Repeat the whole listing word for word, skipping pictures.

### [Data excerpt]
########################################
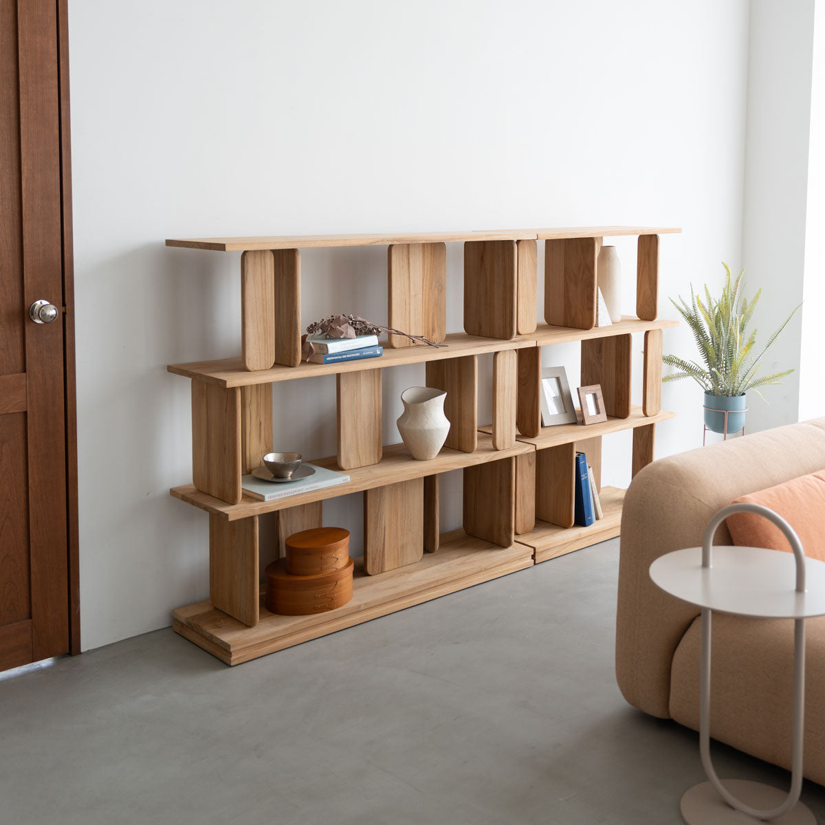 商品情報 シャープで凛とした棚に、柔らかい印象の支柱パネルがランダムに配置された、アイコニックなデザインのシェルフ。 壁面をアートな雰囲気に演出します。 両面使いできる仕様なので、空間を仕切るパーテーションとしてもお使いいただけます。
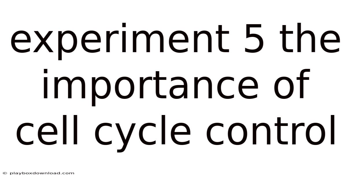 Experiment 5 The Importance Of Cell Cycle Control
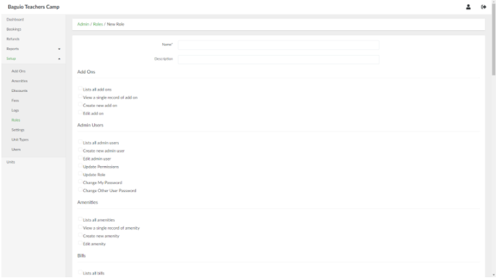 To add a new role, in the list of roles page, click the New Role button. Provide the name and description for the role. For each feature of the system, tick the checkboxes that correspond to actions allowed to the role.
########################################
### [Response area]
 商品情報 シャープで凛とした棚に、柔らかい印象の支柱パネルがランダムに配置された、アイコニックなデザインのシェルフ。 壁面をアートな雰囲気に演出します。 両面使いできる仕様なので、空間を仕切るパーテーションとしてもお使いいただけます。
 Experiment 5 The Importance Of Cell Cycle Control
 To add a new role, in the list of roles page, click the New Role button. Provide the name and description for the role. For each feature of the system, tick the checkboxes that correspond to actions allowed to the role.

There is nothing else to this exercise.